When a preset scan count limit is reached (counted by the DEBOUNCE_COUNT counter),
the key is considered to be de-bounced and an interrupt will occur. If a scan does not decode
the same 1 or 2 first keys as the previous scan, then the scan count will be reset. The scan
count limit is adjustable from 0 to 255 scans by writing to the DEBOUNCE_COUNT register
in the chip. The register is written with the complement of the desired scan count limit.
Typically a scan count limit of 3 is used.

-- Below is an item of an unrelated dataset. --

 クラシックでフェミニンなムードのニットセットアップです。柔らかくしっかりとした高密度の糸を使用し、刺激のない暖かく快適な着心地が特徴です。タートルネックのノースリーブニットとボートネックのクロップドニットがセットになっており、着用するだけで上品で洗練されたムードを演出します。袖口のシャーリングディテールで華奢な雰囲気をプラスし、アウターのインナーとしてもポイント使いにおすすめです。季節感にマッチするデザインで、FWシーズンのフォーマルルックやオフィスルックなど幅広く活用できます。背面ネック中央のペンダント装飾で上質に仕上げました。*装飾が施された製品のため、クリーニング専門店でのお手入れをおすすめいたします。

Key arrays may have significant capacitance. If a key is pressed at a location ROWY, COLX,
the capacitance associated with COLX is discharged when the ROWY line is driven low
during the scan. When ROWY + 1 is driven, the capacitance associated with COLX must
then charge to a logic 1 passively before the COL inputs are sampled. If not, an erroneous
key press will be detected. For fast scan times, the time to charge the key array between
column samples is reduced. To reduce the time to charge the key array, the back drive
feature may be used. When back drive is enabled, the column lines and row lines are all
driven high for a short period of time between ROW scanning time to charge the array
capacitance.
26.2.3 Interrupt Generation
An interrupt is generated whenever the key scanner detects a new stable set of keys. This
means that an interrupt occurs after a key is pressed and then after the key is released. An
interrupt will also occur if the first or second pressed keys in the array change to different
keys. When the interrupt occurs, the number of decoded keys pressed and the array
coordinates of the pressed keys are stored. The interrupt signal is maintained by a flip flop.

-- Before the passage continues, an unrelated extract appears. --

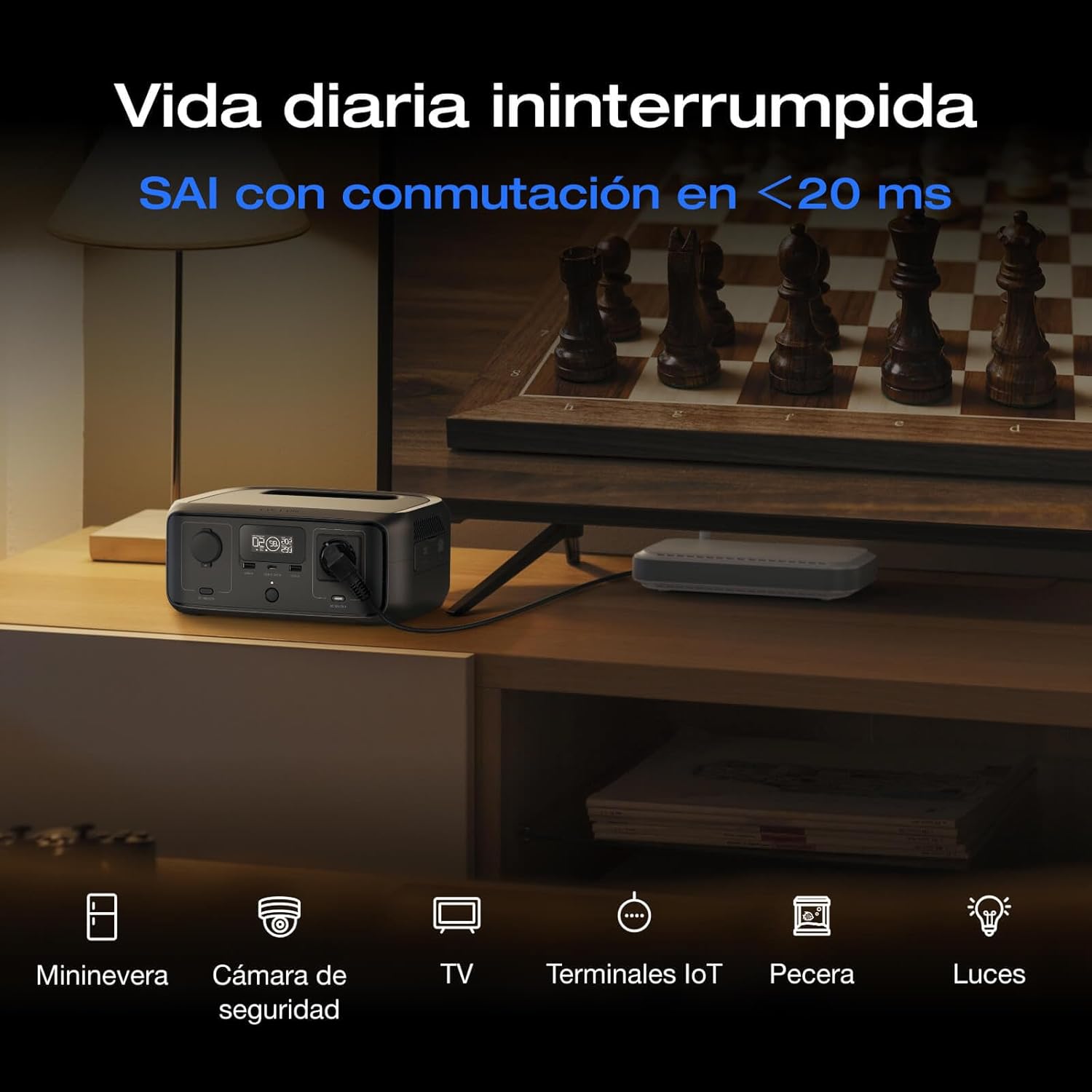[Vida diária sem interrupções] Solução SAI com comutação em <20 ms para aproveitar a sua vida diária sem interrupções. Quando ocorrer um corte no fornecimento de energia elétrica, a sua tomada CA mudará para o fornecimento RIVER 3 em apenas 20 ms. Mantém os eletrodomésticos domésticos domésticos domésticos em funcionamento, mantém a conservação dos alimentos, a segurança e a comunicação.

The interrupt flip flop is cleared when the key register is read by the ARM Core. The interrupt
condition can also be read by the ARM Core. Interrupt conditions are 1 key, 2 keys, and no
keys.
Assume that the keys may bounce for up to 20 msec and each scan is roughly 8 msec and
the scan count limit is set to 3 then an interrupt will occur between 24 and 44 msec after a key
is pressed or released. If a scan count limit of 0 is set by writing 0xFF to the de-bounce count
pre-load register then an interrupt will only occur the first time a key is pressed. No further
interrupts will occur because the DEBOUNCE_COUNT counter will always be reset to its
terminal count.
If an interrupt is ignored, then a subsequent interrupt will be pending until the first interrupt is
serviced. If further keypad activity occurs after an interrupt is pending then the most recent
de-bounced and decoded event will become pending and the previous pending conditions
will be lost.